Catatonia is a motor dysregulation syndrome co-occurring with a variety of psychiatric and medical disorders. Response to treatment with benzodiazepines and electroconvulsive therapy suggests a neurobiological background. The genetic etiology however remains largely unexplored. Copy Number Variants (CNV), known to predispose to neurodevelopmental disorders, may play a role in the etiology of catatonia.

Methods

This study is exploring the genetic field of catatonia through CNV analysis in a cohort of psychiatric patients featuring intellectual disability and catatonia. Fifteen adults admitted to a psychiatric inpatient unit and diagnosed with catatonia were selected for array Comparative Genomic Hybridization analysis at 200 kb resolution. We introduced a CNV interpretation algorithm to define detected CNVs as benign, unclassified, likely pathogenic or causal with regard to catatonia.

Results

Co-morbid psychiatric diagnoses in these patients were autism, psychotic or mood disorders.
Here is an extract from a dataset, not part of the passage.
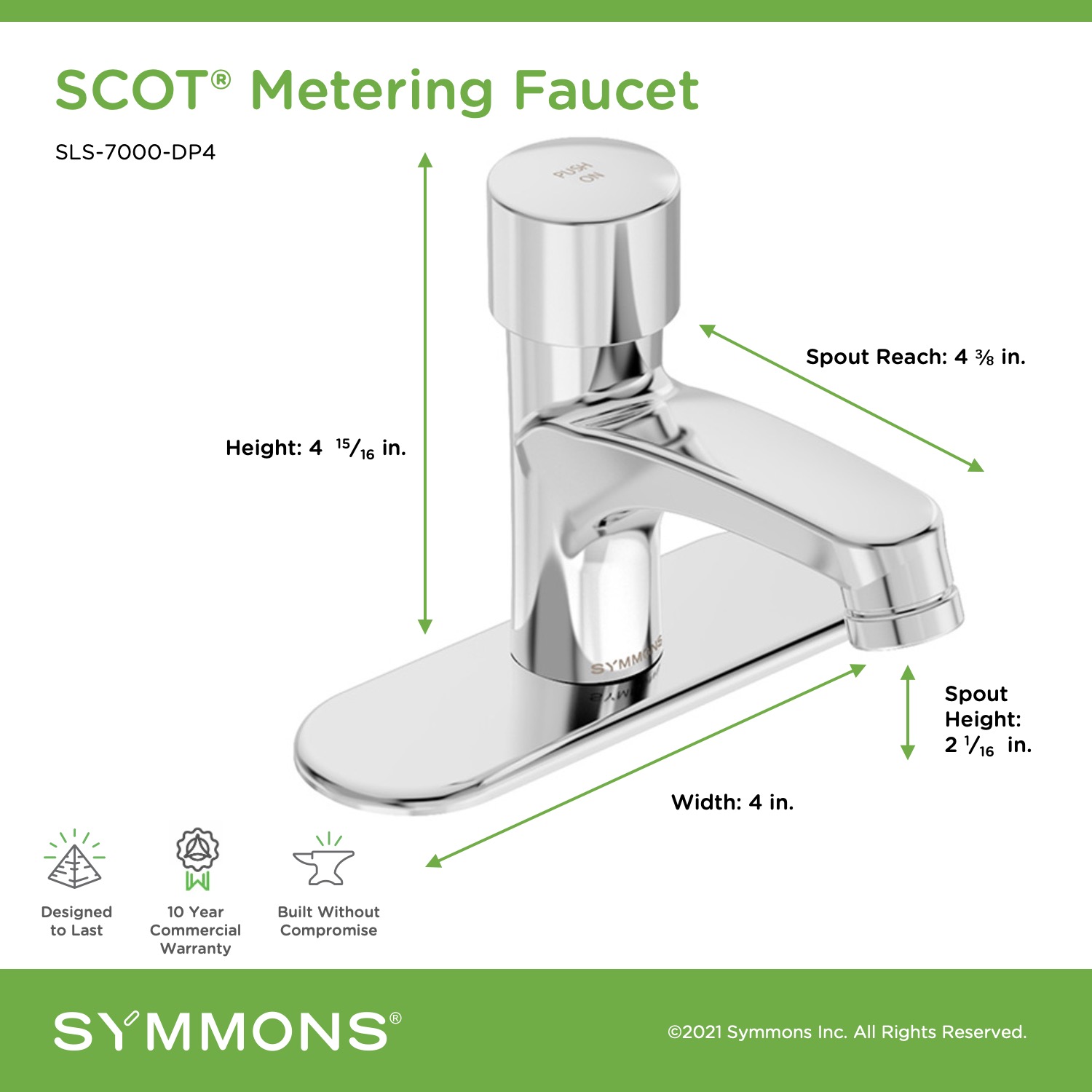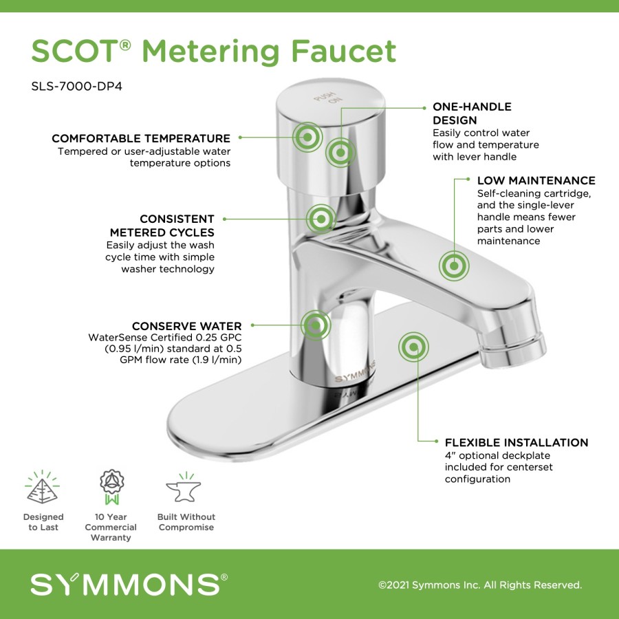 The SCOT/Metering faucet delivers consistent metered wash cycles for commercial, healthcare, hospitality, and other demanding high-use applications. The all-metal body features a deep chrome finish, a self-cleaning cartridge, and the single-lever handle equals fewer parts, easier installation, and lower maintenance. With safety, compliance, and conservation in mind, the SCOT offers the flexibility to adjust both the wash cycle time and the water temperature. The SCOT is also fully compliant with ADA regulations for accessibility and operation.

Eight patients were found to carry rare CNVs, which could not be classified as benign, comprising 6 duplications and 2 deletions. Microdeletions on 22q13.3, considered causal for catatonia, were detected in 2 patients. Duplications on 16p11.2 and 22q11.2 were previously implicated in psychiatric disorders, but not in catatonia, and were therefore considered likely pathogenic. Driven by the identification of a rare 14q11.2 duplication in one catatonic patient, additional patients with overlapping duplications were gathered to delineate a novel susceptibility locus for intellectual disability and psychiatric disorders on 14q11.2, harboring the gene SUPT16H. Three remaining variants respectively on 2q36.1, 16p13.13 and 17p13.3 were considered variants of unknown significance.

Conclusion

The identification of catatonia-related copy number changes in this study, underscores the importance of genetic research in patients with catatonia. We confirmed that 22q13.3 deletions, affecting the gene SHANK3, predispose to catatonia, and we uncover 14q11.2 duplications as a novel susceptibility factor for intellectual and psychiatric disorders.